Sin ningún miedo, Guilford se sentó en los desgastados escalones de la parte de atrás de la casa mientras los otros volvían dentro para apiñarse en el salón. Durante un momento se sintió feliz solo, caliente en su nuevo suéter, con el vapor de su aliento ascendiendo hacia la inmóvil radiación del cielo.

Más tarde —en los meses, los años, el siglo que siguió— se trazarían incontables analogías. El Diluvio, Armagedón, la extinción de los dinosaurios. Pero el acontecimiento en sí, su terrible conocimiento y la difusión de ese conocimiento a través de lo que quedaba de mundo humano, carecían de paralelo o de precedente.

En 1877 el astrónomo Giovanni Schiaparelli había cartografiado los canales de Marte. Durante las décadas siguientes sus mapas fueron duplicados y pulidos y aceptados como un hecho, hasta que mejores lentes demostraron que los canales eran una ilusión, a menos que el propio Marte hubiera cambiado desde entonces: cosa difícilmente impensable, a la luz de lo que le ocurrió a la Tierra. Quizás algo se había entretejido por el sistema solar como un hilo nacido de un soplo de aire, algo efímero pero impensablemente inmenso, que había tocado los fríos mundos del sistema solar exterior; moviéndose a través de rocas, hielos, mantos helados, geologías sin vida. Cambiando lo que tocaba. Avanzando hacia la Tierra.

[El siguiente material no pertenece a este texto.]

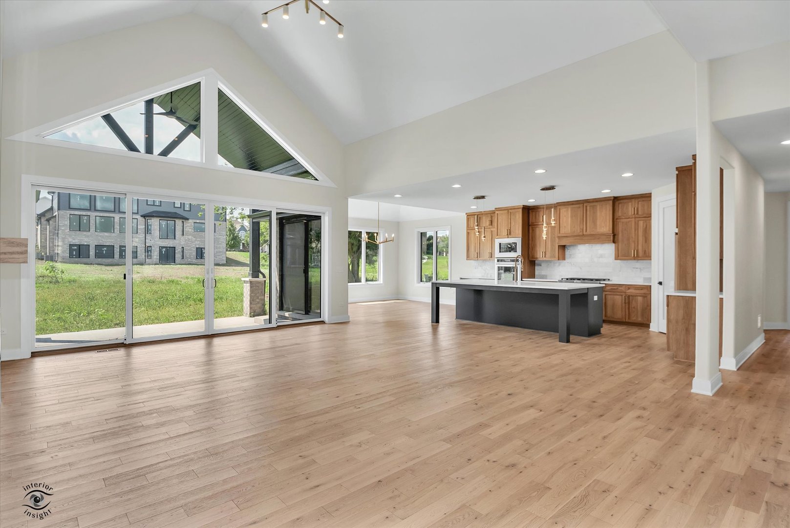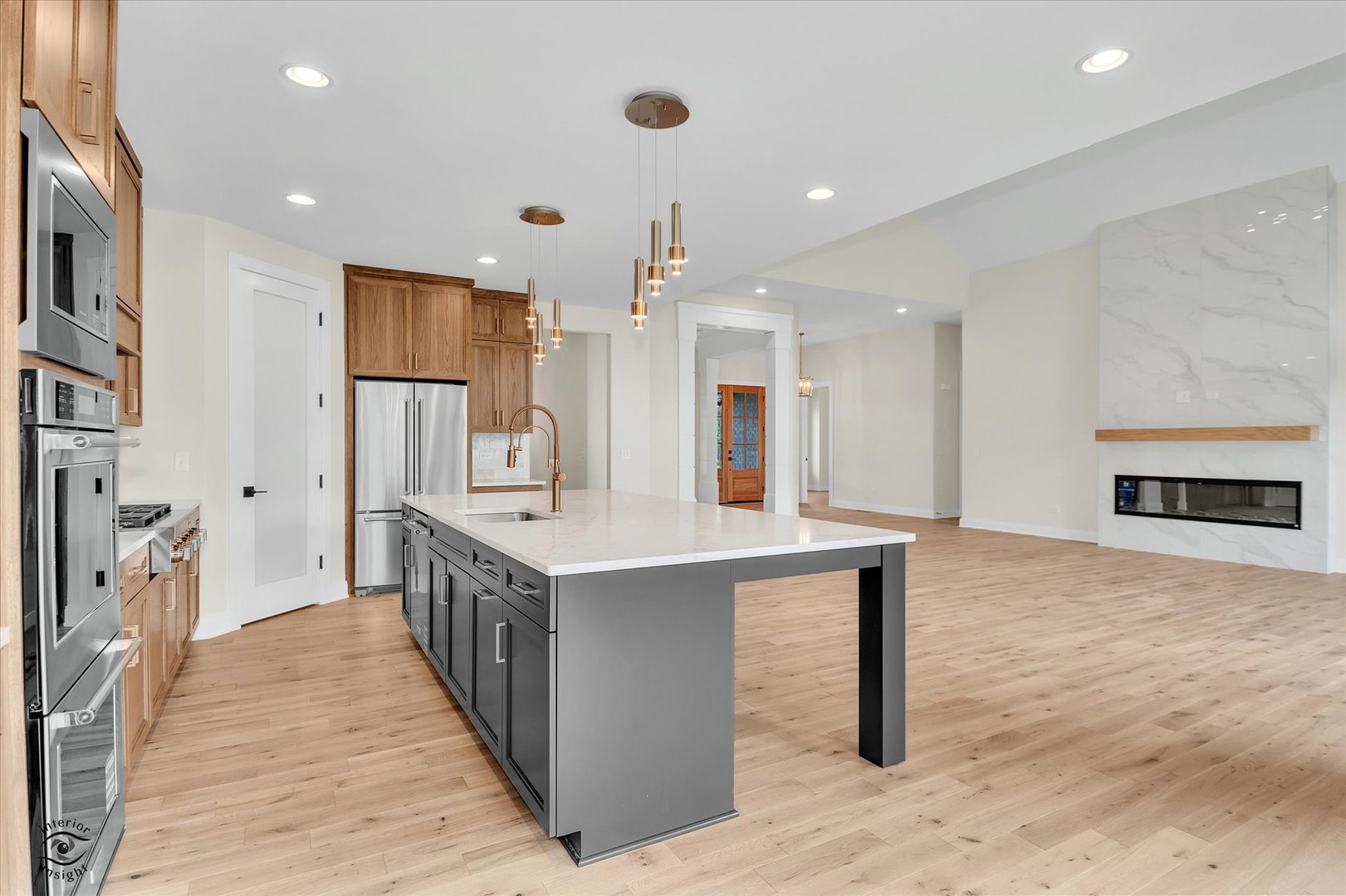 New landscaping was just added to this beautiful home with a sprinkler system! This exquisite custom ranch home is nestled in LightHouse Pointe Subdivision.. This stunning house features a covered rear porch adorned with expansive 16×8 ft sliders from the family room, ideal for seamless indoor-outdoor living. Step into a culinary haven with a custom kitchen boasting Kitchen Aid SS appliances, including a double oven, illuminated cabinets, complemented by a two-story family room graced by a stunning fireplace. Quartz countertops, tile backsplash, and a generous dinette area elevate the gourmet experience. Unwind in luxury within the master bath showcasing a freestanding tub, custom shower with 4 body sprays, and a comfortable bench. A grand custom front door welcomes you, while the oversized 3-car garage with a service door offers ample space for your vehicles and belongings. Enhancing curb appeal, the 8 ft garage doors feature glass insets and come equipped with two openers. Enjoy the area amenities, with restaurants, shopping, schools, and downtown Frankfort close by. Experience unmatched elegance and comfort in this one-of-a-kind property.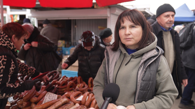 "Торгую від восьмої години. Вранці трохи товару продала. Найчастіше у мене купують шинку, бочок, ковбаску домашню, таку на освячення. Шинка – 420. Бочок – 350. Ковбаска — 350, 380. Є всяка".

El cielo había estado lleno de signos y presagios. En 1907, la bola de fuego de Tunguska. En 1910, el cometa Halley. Algunos, como la madre de Guilford Law, creyeron que era el fin del mundo. Incluso entonces.

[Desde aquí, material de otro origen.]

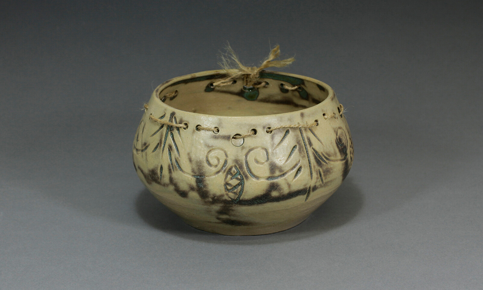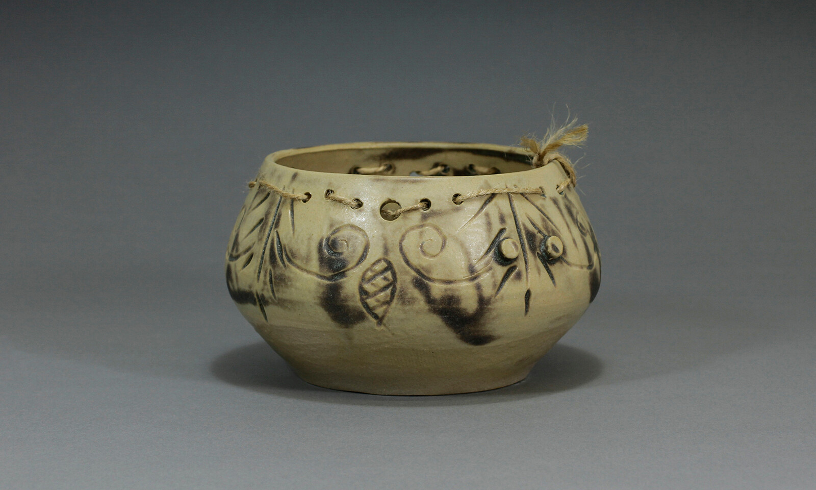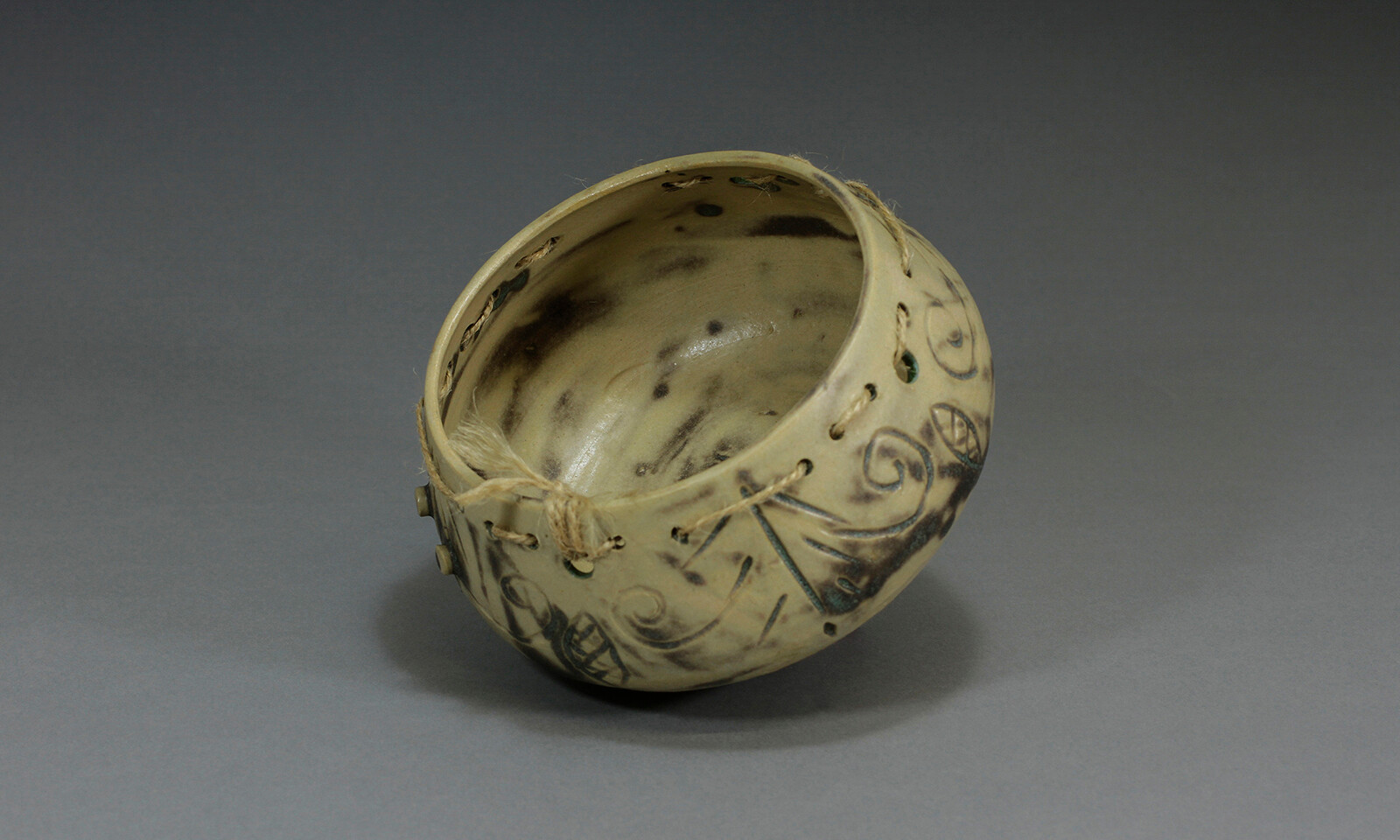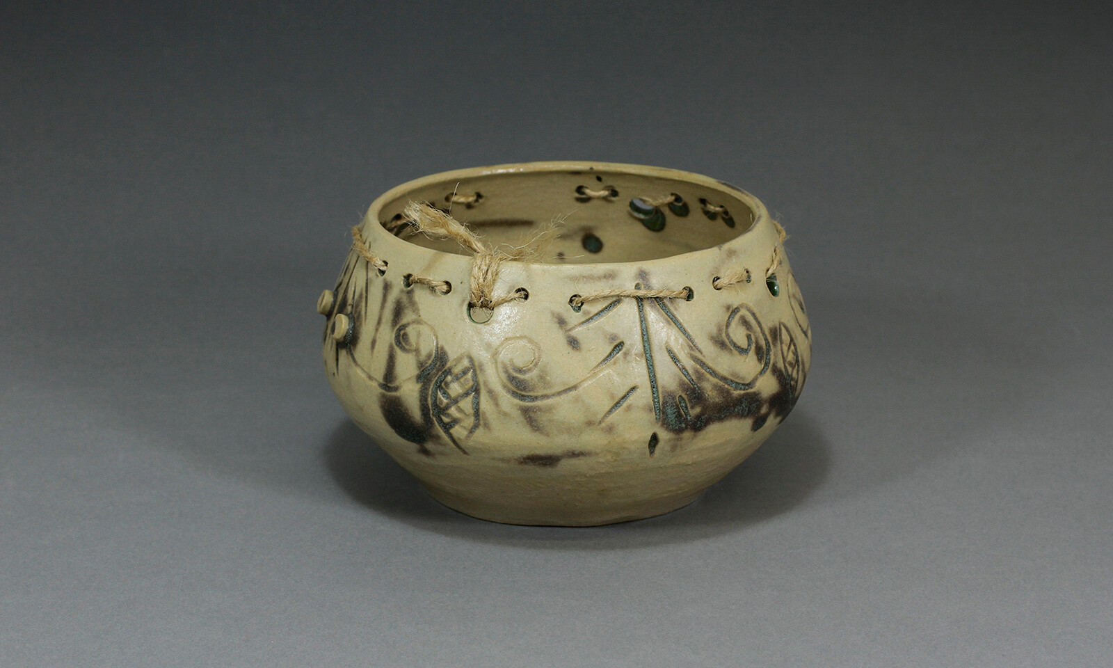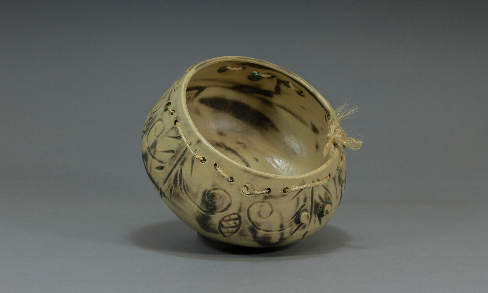 Ręcznie wykonana misa z jasnej gliny, zdobiona rytmicznymi, ciemnymi wzorami oraz dekoracyjnym sznurkiem przewleczonym przez otwory przy krawędzi. Naturalna kolorystyka i widoczne ślady ręcznej pracy nadają jej wyrazisty, rzemieślniczy charakter. Idealna jako osłonka na roślinę, pojemnik na drobiazgi lub oryginalny element dekoracyjny do wnętrz w stylu naturalnym i boho.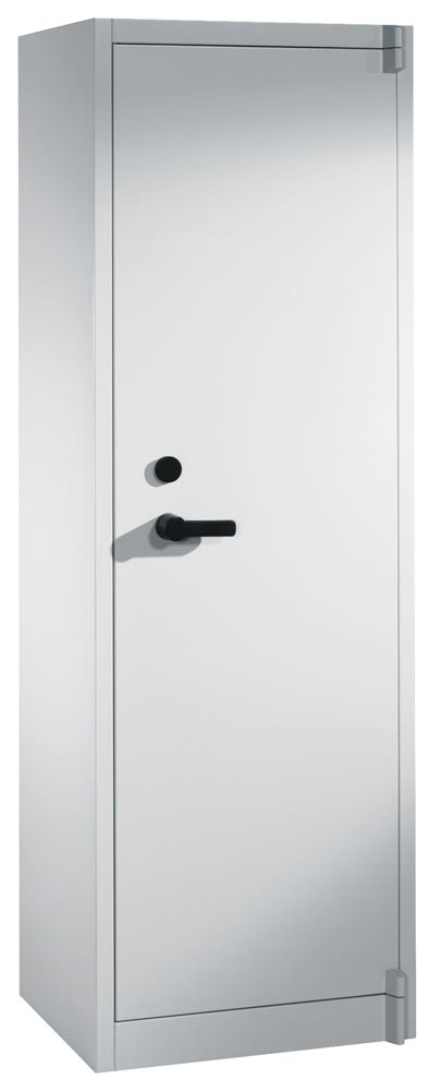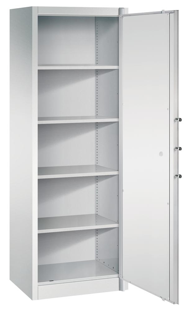 Feuergeschützter Flügeltürenschrank, BxTxH 650x500x1950 mm, 1-türig, 4 Fachböden, RAL 7035 lichtgrau

Aquella noche de marzo el cielo fue más brillante en las extensiones nordorientales del océano Atlántico de lo que lo había sido durante la visita del cometa. Durante horas, el horizonte llameó con luz azul y violeta. La luz, dijeron los testigos, era como un muro. Caía del cénit. Dividía las aguas.

Era visible desde Jartum (pero en el cielo septentrional) y desde Tokio (débilmente, hacia el oeste).

Desde Berlín, París, Londres, todas las capitales de Europa, la ondulante luz abarcaba toda la extensión del cielo. Cientos de miles de espectadores se reunían en las calles, incapaces de dormir bajo la fría fluorescencia. Los informes fluyeron a Nueva York hasta catorce minutos antes de la medianoche.

A las 11:46, Hora del Este, el cable transatlántico quedó repentina e inexplicablemente silencioso.

Era la época de los barcos fabulosos: los transatlánticos de la Great White Fleet, la Cunard y la White Star; el Teutonic, el Mauretania, monstruosidades del imperio.

Era también el alba de la época de Marconi y de la radio. El silencio del cable del Atlántico podía haberse explicado por toda una variedad de simples catástrofes. El silencio de las estaciones de radio europeas era mucho más ominoso.

Los radiooperadores lanzaron mensajes y preguntas a través del frío y plácido Atlántico Norte. No había CQD ni la nueva señal de socorro, SOS, ningún drama de un barco hundiéndose, pero algunos buques permanecían misteriosamente en silencio, entre ellos el Olympic de la White Star y el Kronprinzzessen Cecilie de la Hamburg-American, buques insignia en los cuales, momentos antes, los ricos de una docena de naciones se habían arracimado en las barandillas cubiertas de escarcha para ver el fenómeno que arrojaba un reflejo tan chillón sobre la oscura y cristalina superficie invernal del mar.